PROBLEM TO SOLVE -> Go through the lines below and repeat each one exactly, skipping pictures.

RECORDED DATA ->
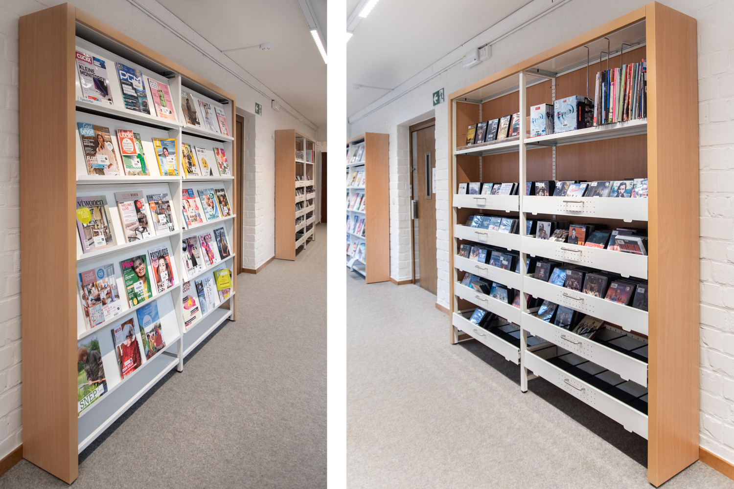 Pour les rayonnages de la bibliothèque, tous les efforts ont été faits pour maximiser la réutilisation des rayonnages Uniflex existants, complétés par de nouveaux composants afin de minimiser les besoins et les coûts.
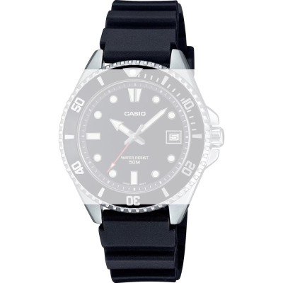 Ce bracelet de montre Casioest fait de résine et est attaché à la montre au moyen de Épingles à ressort. Le bracelet a une taille de 16 mm et se ferme au moyen d'un boucle. Le bracelet n'a pas de support droit, ce qui signifie que ce bracelet convient uniquement aux montres énumérées ci-dessous.
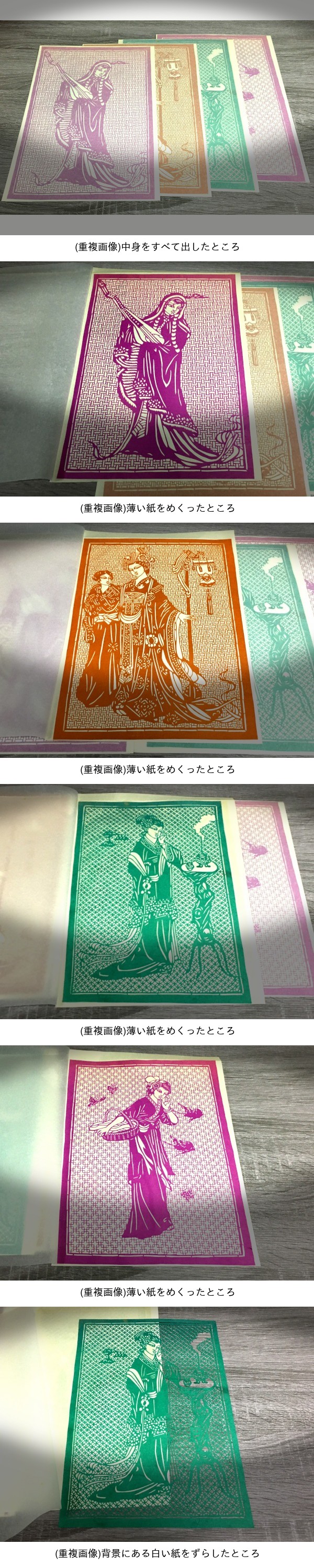 | ------------------------------------------------------------------------ ж ж ж 商品について ж ж ж ------------------------------------------------------------------------ ◆ 「 剪紙 四大美女 」 全4枚。 各 A4サイズ程度です。 何十年も前に 中国にて入手したものです。 紙パッケージは 二つ折りにして保管していたことがあり、中央にくっきり折り目がついています。 切絵本体をクリアファイルに入れて保管していたことがあり、覆っている薄い紙の上部を 折ってしまっています。 切絵本体には折り目は入れていません。 紙パッケージ、中身とも 経年のシミ、変色、色移り、などが確認できます。 入手より かなり経年しており、記載以外にも 初期、経年 による劣化、及び 保管時、取り扱い時などのダメージ必至です。 ※ 商品は 画像1枚目のもので全てです。 ※ 自身が 当時 新品で購入した ワンオーナー品です。 ※ 画像は 実物よりきれいに写ってしまう部分があります。 また、最初の検品・出品から 時間が経っているものは、掲載画像・説明にはない 劣化 及び ダメージの増加 など 必至です。商品状態は現物優先です。 ※ ペットなし、非喫煙環境です。 |

EXERCISE ANSWER ->
 Pour les rayonnages de la bibliothèque, tous les efforts ont été faits pour maximiser la réutilisation des rayonnages Uniflex existants, complétés par de nouveaux composants afin de minimiser les besoins et les coûts.
 Ce bracelet de montre Casioest fait de résine et est attaché à la montre au moyen de Épingles à ressort. Le bracelet a une taille de 16 mm et se ferme au moyen d'un boucle. Le bracelet n'a pas de support droit, ce qui signifie que ce bracelet convient uniquement aux montres énumérées ci-dessous.
 | ------------------------------------------------------------------------ ж ж ж 商品について ж ж ж ------------------------------------------------------------------------ ◆ 「 剪紙 四大美女 」 全4枚。 各 A4サイズ程度です。 何十年も前に 中国にて入手したものです。 紙パッケージは 二つ折りにして保管していたことがあり、中央にくっきり折り目がついています。 切絵本体をクリアファイルに入れて保管していたことがあり、覆っている薄い紙の上部を 折ってしまっています。 切絵本体には折り目は入れていません。 紙パッケージ、中身とも 経年のシミ、変色、色移り、などが確認できます。 入手より かなり経年しており、記載以外にも 初期、経年 による劣化、及び 保管時、取り扱い時などのダメージ必至です。 ※ 商品は 画像1枚目のもので全てです。 ※ 自身が 当時 新品で購入した ワンオーナー品です。 ※ 画像は 実物よりきれいに写ってしまう部分があります。 また、最初の検品・出品から 時間が経っているものは、掲載画像・説明にはない 劣化 及び ダメージの増加 など 必至です。商品状態は現物優先です。 ※ ペットなし、非喫煙環境です。 |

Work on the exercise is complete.